We will apply the random forest method to the Adult dataset here.
We will begin by importing the data, doing some pre-filtering and combining into classes, and generating two subsets of the data: The training set, which we will be using to train the random Forest model, and the evaluation set, which we will use to evaluate the performance of the model.
For more information on what this source code does to prepare the data, visit the tutorial: “Data Preparation with R (Adult Dataset)”. This allows us to move on to model specification.
Random Forests are an extension of tree methods. Where in the CART methodology, the inherent variability of the tree model, and susceptibility to data was considered a weakness of the model, in random forest that is considered a strength. In fact, we take special steps to ensure as much variability in the individual trees as possible. The belief is that by averaging across the high variance, low bias trees, we will end up with a low bias, low variance estimator.
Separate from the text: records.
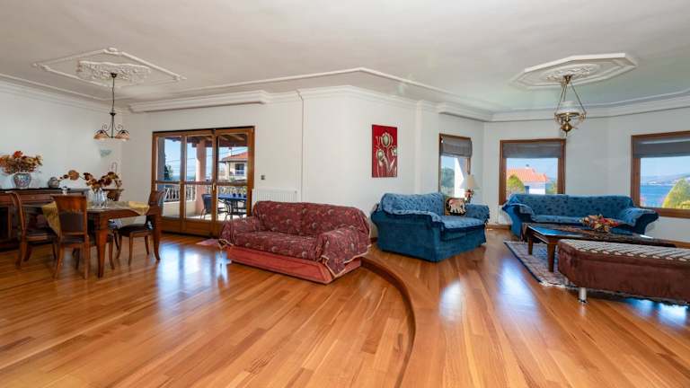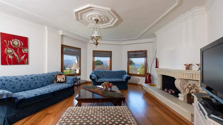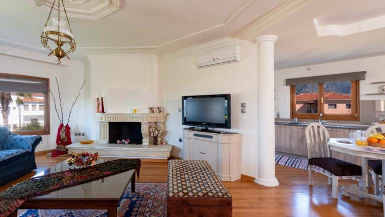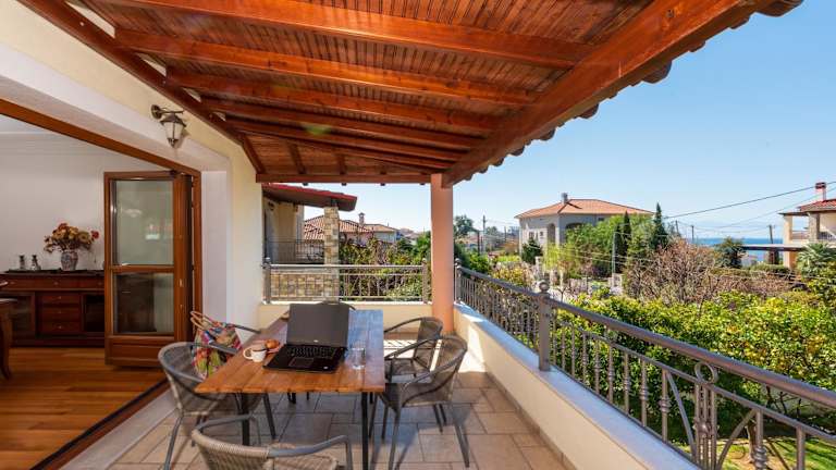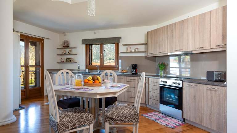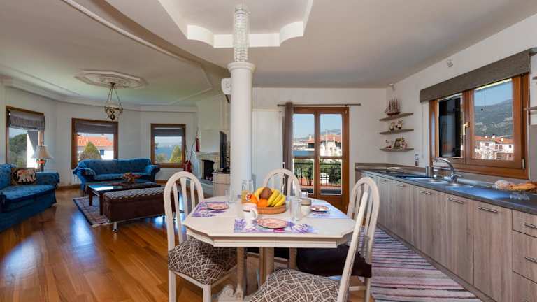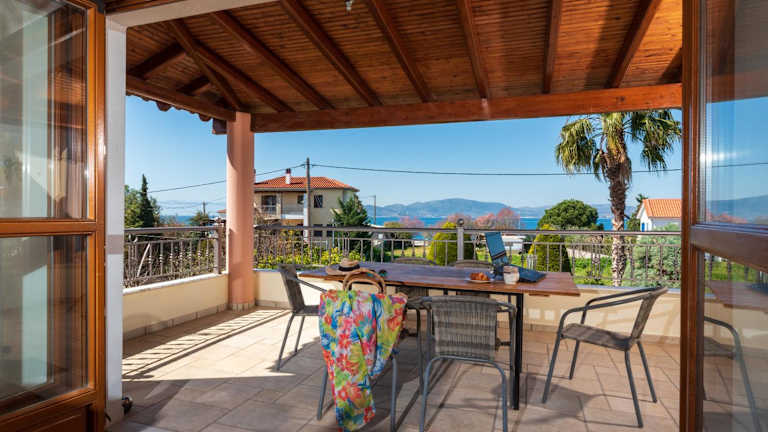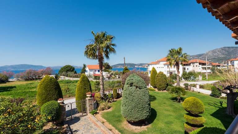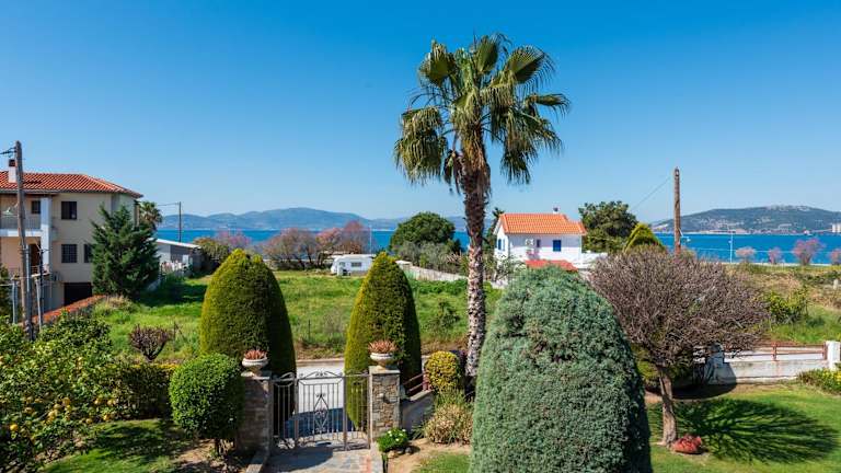 Christina's Twin Palm Trees House bietet eine Ferienwohnung mit Balkon und Meerblick. Darüber hinaus steht den Gästen ein Garten sowie eine Terrasse zur Verfügung. Die Ferienwohnung ist klimatisiert und bietet sowohl Berg- als auch Gartenblick.
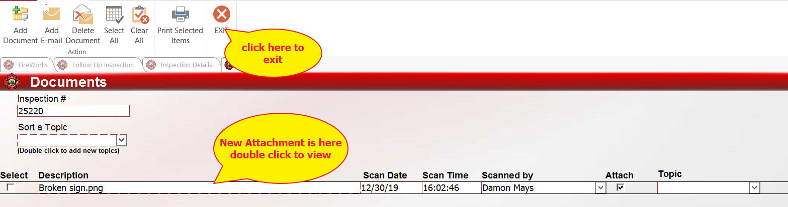 Inspection module--->Follow-up Inspections Double-click the inspection number Click on the camera icon Select Add Document Select the document to attach If theres a document the info will be displayed below on the page Select exit to go back to ...
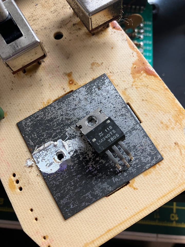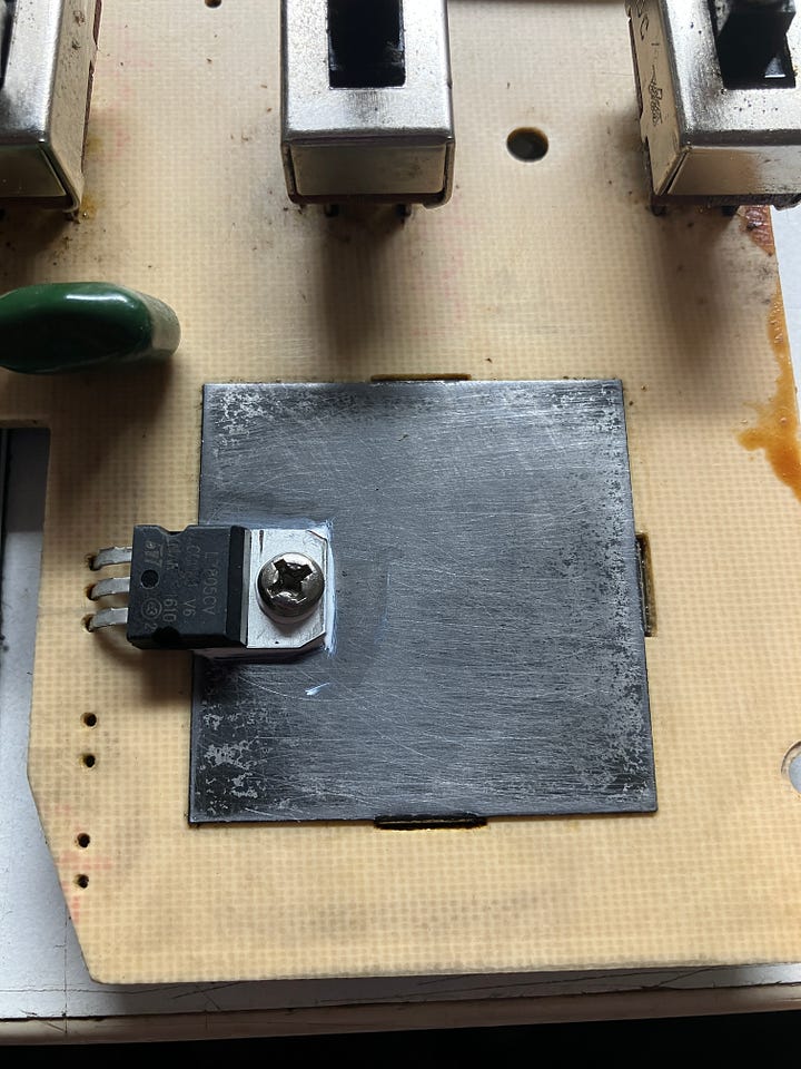 I removed the old mod and replaced it with one of mine, which I know are good. I powered the unit on and couldn’t get it going. I checked out the voltage regulator, as they are usually the first port of call for failures. It wasn’t generating a good +5VDC, so I renewed it and gave the heat sink plate a bit of a buffing as well as some new heat sink compound (probably the wrong amount)

We hope that the random forest will do better than any single tree could do. We need to load up the libraries we’ll be using.
Next we’ll need to find the optimal numbers of variables to try splitting on at each node.
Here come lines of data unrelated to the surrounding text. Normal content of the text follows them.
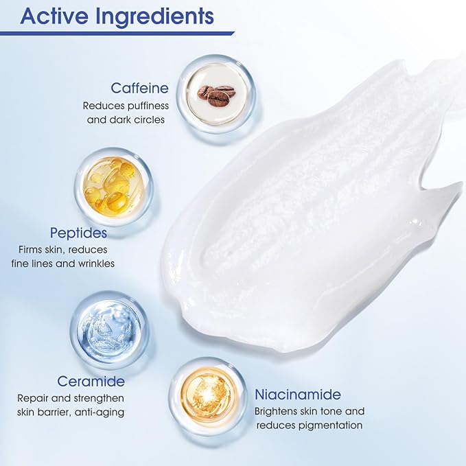 - 【Caffeine Eye Cream】 Caffeine accelerates blood circulation around the eyes, reducing dark circles caused by staying up late, fatigue or poor blood circulation; it also relieves eye bags and puffiness, and is paired with niacinamide to even out skin tone, saying goodbye to dullness and fatigue.
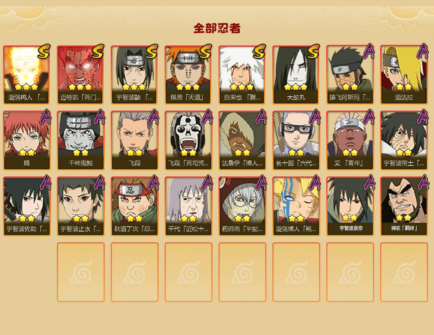 【HYYT320】V7/S忍6/A忍19/五代目雷影-达鲁伊/死司凭血-飞段/蝎/天道-佩恩/九喇嘛连结-漩涡鸣人/忍界大战-秋道丁次/秽土转生-猿飞阿斯玛/桃式显现-漩涡博人/六代目水影-长十郎/舞之豪杰-自来也/死门-迈特凯/暴怒-宇智波带土/半蛇斗篷-药师兜/飞段/2星神农「羁绊」/2星宇智波泉奈/新春限定-宇智波止水/迪达拉/干柿鬼鲛/大蛇丸/青年-艾/2星迈特凯「青春爆炸」/须佐能乎-宇智波佐助/近松十人卫-千代/须佐能乎-宇智波鼬
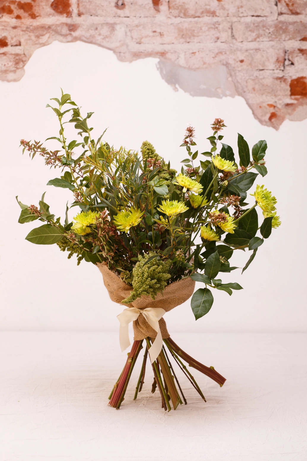 Textura y frescura botánica. Un diseño donde los distintos tonos de verde y las texturas naturales son los protagonistas. Es un arreglo desestructurado, con mucho movimiento, que se siente recién traído del bosque. Ideal para dar vida a un rincón de la casa o para regalar algo con un estilo muy natural y descontracturado.
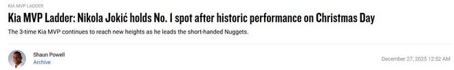 库里获提名!NBA官网MVP榜TOP10更新出炉,约基奇轰56+16+15后继续领跑,火箭队申京压线入选。
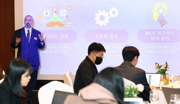 데미안 리치 워크데이 APJ CTO가 23일 강남 그랜드 인터컨티넨탈 서울파르나스 호텔에서 열린 기자간담회에서 'AI/머신런닝을 통해 진화하는 미래의 업무 환경'에 대해 발표하고 있다.

bestmtry <- tuneRF(data$train[-13],data$train$income, ntreeTry=100, stepFactor=1.5,improve=0.01, trace=TRUE, plot=TRUE, dobest=FALSE)
For this, the syntax I’m using for the tuneRF function means I’m giving the function the first 12 columns of the training set (all values but income) as independent variables. The specification data$train[-13] means “All but the 13th column on the set data$train”. As an independent variable, I give the algorithm “data$train$income”, which is the income column on the set data$train. ntreeTry specifies the number of trees to make using this function, trying out different numbers for mtry. See the help file (help(tunerf)) for more information.
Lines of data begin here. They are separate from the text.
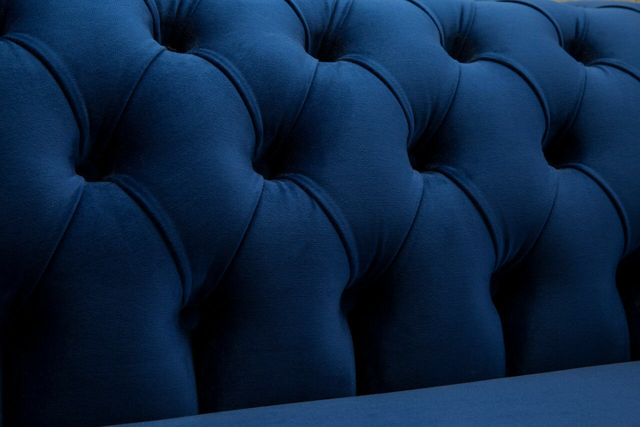 Canapé Chesterfield classique 4 places Canapé en velours en cuir bleu Design Rembourrage
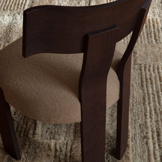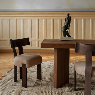 Alba-stolen i beige-lyserød har en robust, men elegant form. Den mørkbejdsede egsbase består af lige, kantede ben og en buet, generøs ryglæn. Det blødt formede sæde er betrukket med et boucléstof, der giver stolen ekstra komfort.
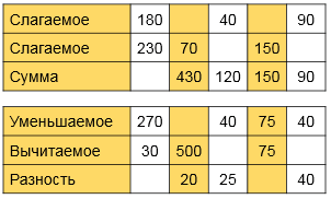 | Вычитаемое | 30 | 500 | 15 | 75 | 0 |
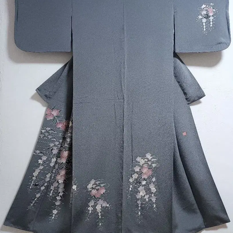 호몬기 순수 실크 이중 기모노 크레이프 원단 블루 그레이 벚꽃

The algorithm has chosen 2 as the optimal number of mtry for each tree. Now what we have left to do is run the algorithm.
adult.rf <-randomForest(income~.,data=data$train, mtry=2, ntree=1000, keep.forest=TRUE, importance=TRUE,test=data$val)
In the formula for Random Forest, we specify income versus all other variables in the set as predictors. We specify the mtry value to be 2, matching what we had found earlier with searching for the optimal value. The number of trees we use here is 1000, though computers are fast now and it’s not unreasonable to use 20,000 or more trees to build the model. We ask the algorithm to keep the forest, as well as calculate the variable importance so we can see what contributed most to estimating income classification.
Finally, we can evaluate the performance of the random forest for classification. Since we have been eschewing the confusion matrix in favor of the ROC curve, we should probably continue that. The commands to generate the ROC curve using the ROCR package are as follows:
adult.rf.pr = predict(adult.rf,type="prob",newdata=data$val)[,2] adult.rf.pred = prediction(adult.rf.pr, data$val$income) adult.rf.perf = performance(adult.rf.pred,"tpr","fpr") plot(adult.rf.perf,main="ROC Curve for Random Forest",col=2,lwd=2) abline(a=0,b=1,lwd=2,lty=2,col="gray")
To build the ROC curve using the ROCR package, first we need to generate the prediction object. As inputs to the prediction() method, we use the predicted class probabilities for the validation dataset, and the actual classes (labels). There are various things we can do with the prediction object, but the most appropriate here is to gauge the performance, using the performance() method. As inputs, we give it the performance object, and the two metrics we want to display in the ROC curve. (True positive rate, False positive rate). There are other diagnostic curves we can also generate using this method. See help(performance) for more information.
To interpret the ROC curve, let us remember that perfect classification happens at 100% True positive rate, and 0% False positive rate. With that in mind, we see that perfect classification happens at the upper left-hand corner of the graph, so the closer our graph comes to that corner, the better we are at classification. The diagonal line represents random guess, so the distance of our graph over the diagonal line represents how much better we are doing than random guess. Now we also want to evaluate what variables were most important in generating the forest.
The importance() function gives us a textual representation of how important the variables were in classifying income, while the varImpPlot() method gives us a graphical representation. We see from the Variable importance plot, that the most important variables included age, capital gains, education, and marital and relationship status. Variables like race and country of origin were of less importance.